Added assertions to Document::updateStyleIfNeeded and Document::updateLayout that these functions are
only called when NoEventDispatchAssertion::isEventAllowedInMainThread() is true with two exceptions:
1. Inside SVGImage::draw which triggers a layout on a separate document.
2. While doing a nested layout for a frame flattening.
No new tests since there should be no behavioral changes.
* dom/ContainerNode.cpp:
(NoEventDispatchAssertion::DisableAssertionsInScope::s_existingCount): Deleted. This is now an instance
variable of DisableAssertionsInScope.
(ContainerNode::removeNodeWithScriptAssertion): Moved childrenChanged out of the scope since it could
invoke respondToChangedSelection via HTMLTextAreaElement::childrenChanged.
* dom/Document.cpp:
(WebCore::Document::updateStyleIfNeeded): Added the assertion. Allow updateWidgetPositions() to call
this function but exit early when checking needsStyleRecalc().
(WebCore::Document::updateLayout): Added the assertion.
* dom/NoEventDispatchAssertion.h:
(WebCore::NoEventDispatchAssertion::DisableAssertionsInScope::DisableAssertionsInScope): Made this class
store the original value of s_count as an instance variable to support re-entrancy.

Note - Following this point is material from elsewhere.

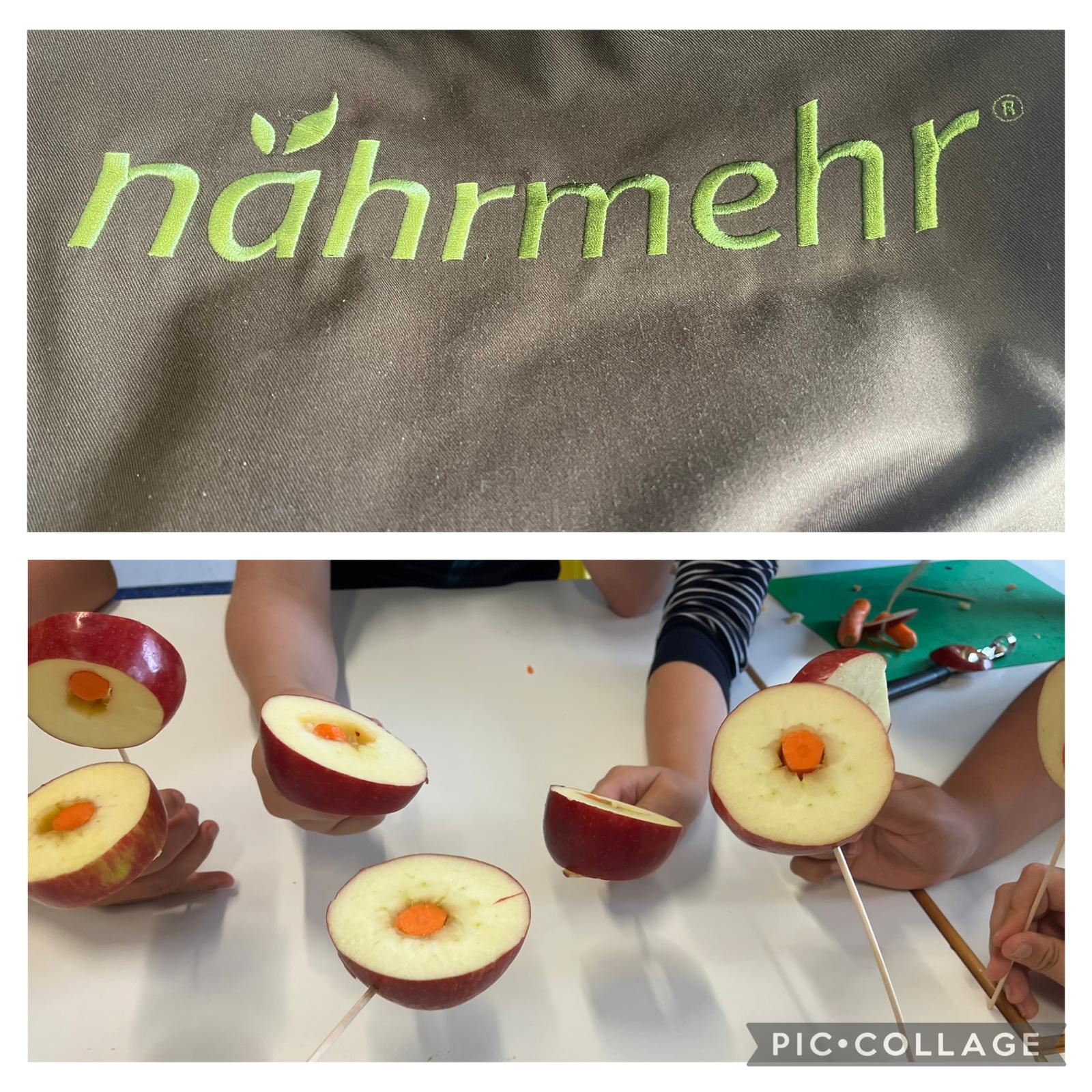 Am Mittwoch, den 23. Juli 2025 hatte Klasse 6/7 Besuch von Frau Müller von "Nährmehr". In der Küche wurden gemeinsam zum Thema "Gesunde Brotdose" verschiedene Speisen zubereitet.

(WebCore::NoEventDispatchAssertion::DisableAssertionsInScope::~DisableAssertionsInScope): Ditto.
* page/LayoutContext.cpp:
(WebCore::LayoutContext::runOrScheduleAsynchronousTasks): Temporarily disable the assertion. This is safe
since SVGImage has its own document.
* svg/SVGSVGElement.cpp:
(WebCore::checkIntersectionWithoutUpdatingLayout): Extracted out of SVGSVGElement::checkIntersection.
(WebCore::checkEnclosureWithoutUpdatingLayout): Extracted out of SVGSVGElement::checkEnclosure.

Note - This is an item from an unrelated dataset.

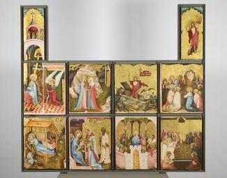 | Keywords: MCC-42339 Middelrijns altaar, annunciatie met afzonderlijk bovenstuk waarop God de Vader en vier engelen (2).tif Artwork nl Anonymous Middel-Rijn Anonymous Keulen Anonymous Westfalen nl Op de spreukband van de engel Ave gratia plena dominus tecum Gegroet begenadigde de Heer is met u Luc 1 28 Op de spreukband bij Maria Ecce ancilla domini fiat michi secundum verbum tuum Zie de dienstmaagd van de Heer mij geschiede naar uw woord Luc 1 38 between 1405 1414 nl paneel tempera olieverf linnen Size 73 0 60 0 cm nl Hoogte 73 0cm Breedte 60 0cm Institution Museum Catharijneconvent object history exhibition history credit line nl Foto Museum Catharijneconvent Utrecht foto Ruben de Heer Reproduction title nl Middelrijns altaar met omlijsting zoals aanwezig vanaf september 2006 accession number Object number 42339 Inventory number ABM s00025 01 place of creation https //www catharijneconvent nl/adlib/42339/ View this work on the website of Museum Catharijneconvent Museum Catharijneconvent Cc-zero <gallery> File MCC-42339_Middelrijns_altaar _annunciatie_met_afzonderlijk_bovenstuk_waarop_God_de_Vader_en_vier_engelen_ 1 tif File MCC-42339_Middelrijns_altaar _annunciatie_met_afzonderlijk_bovenstuk_waarop_God_de_Vader_en_vier_engelen_ 3 tif File MCC-42339_Middelrijns_altaar _annunciatie_met_afzonderlijk_bovenstuk_waarop_God_de_Vader_en_vier_engelen_ 2 tif </gallery> |

(WebCore::SVGSVGElement::getIntersectionList): Use checkIntersectionWithoutUpdatingLayout to avoid
calling updateLayoutIgnorePendingStylesheets while iterating over elements.
(WebCore::SVGSVGElement::getEnclosureList): Ditto.

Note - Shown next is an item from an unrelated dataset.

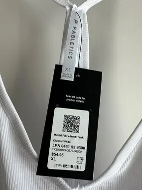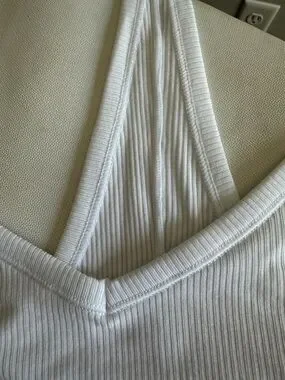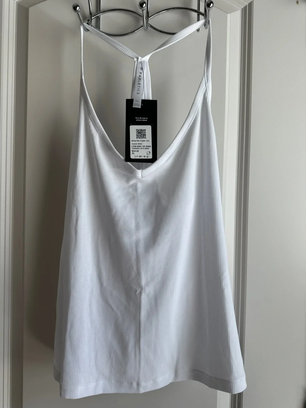 Fabletics White Ribbed V-Neck Tank with Racerback

(WebCore::SVGSVGElement::checkIntersection):
(WebCore::SVGSVGElement::checkEnclosure):
* svg/graphics/SVGImage.cpp:
(WebCore::SVGImage::draw): Temporarily disable the assertion. This is safe as SVGImage has its own page.
Modified Paths
Diff
Modified: trunk/Source/WebCore/ChangeLog (224377 => 224378)
--- trunk/Source/WebCore/ChangeLog 2017-11-03 03:44:43 UTC (rev 224377)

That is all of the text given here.